Artur Crăciun

Personal information
- Date of birth: 29 June 1998 (age 27)
- Place of birth: Chișinău, Moldova
- Height: 1.93 m (6 ft 4 in)
- Position: Centre-back

Team information
- Current team: ŁKS Łódź
- Number: 22

Youth career
- Zimbru Chișinău

Senior career*
- Years: Team / Apps / (Gls)
- 2015–2017: Zimbru-2 Chișinău / 35 / (3)
- 2016–2017: Zimbru Chișinău / 11 / (0)
- 2017: Sheriff-2 Tiraspol / 10 / (1)
- 2017–2018: Sheriff Tiraspol / 0 / (0)
- 2017: → Milsami Orhei (loan) / 15 / (0)
- 2018–2019: Milsami Orhei / 38 / (2)
- 2019–2020: Universitatea Cluj / 18 / (2)
- 2020–2022: Budapest Honvéd / 2 / (0)
- 2021: → Viitorul Constanța (loan) / 0 / (0)
- 2021: → Sfîntul Gheorghe (loan) / 8 / (0)
- 2021–2022: → Lokomotiv Plovdiv (loan) / 13 / (0)
- 2022: → Tsarsko Selo (loan) / 6 / (0)
- 2022–2023: Hapoel Kfar Saba / 31 / (0)
- 2023–2025: Puszcza Niepołomice / 58 / (12)
- 2025–: ŁKS Łódź / 33 / (6)

International career^{‡}
- 2016: Moldova U19 / 3 / (0)
- 2017–2020: Moldova U21 / 11 / (1)
- 2019–: Moldova / 38 / (0)

= Artur Crăciun =

Moldovan footballer (born 1998)

Artur Crăciun (born 29 June 1998) is a Moldovan professional footballer who plays as a centre-back for Polish I liga club ŁKS Łódź and the Moldova national team.

==Club career==
Crăciun made his professional debut for Zimbru in the Divizia Națională on 20 May 2016 against Academia Chișinău, coming on as a 92nd-minute substitute.
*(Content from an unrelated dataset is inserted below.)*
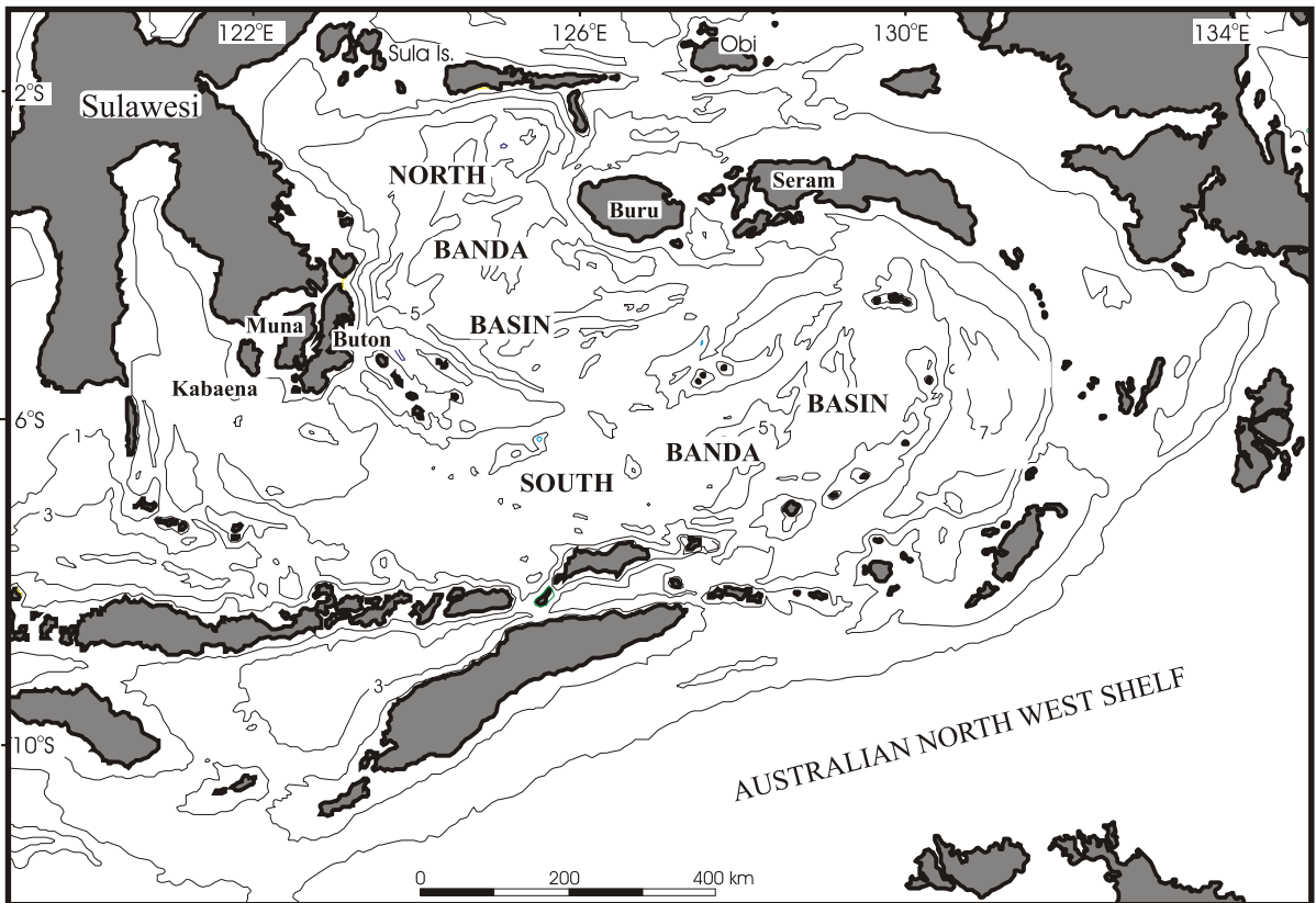
Milsom: Vienna Basin/Little Hungarian Plain - North Banda Sea

On 23 July 2019 he signed a contract with Romanian Liga II side Universitatea Cluj.

On 10 March 2021, he was loaned out to Sfântul Gheorghe from Budapest Honvéd.

In June 2022, he moved to Hapoel Kfar Saba.

On 10 July 2023, Crăciun signed a one-year contract, with an option to extend, with Polish Ekstraklasa newcomers Puszcza Niepołomice. On 23 July, he made his debut in Puszcza's first-ever top-tier outing, a 3–2 away loss to Widzew Łódź. He regularly appeared in the line-ups thereafter, contributing to Puszcza's bid for top-flight survival by scoring game-winning goals in home games against Widzew on 11 December, and Lech Poznań on 13 April 2024; he also became the designated penalty taker. On 10 May, Puszcza exercised their option to prolong Crăciun's contract for another twelve months.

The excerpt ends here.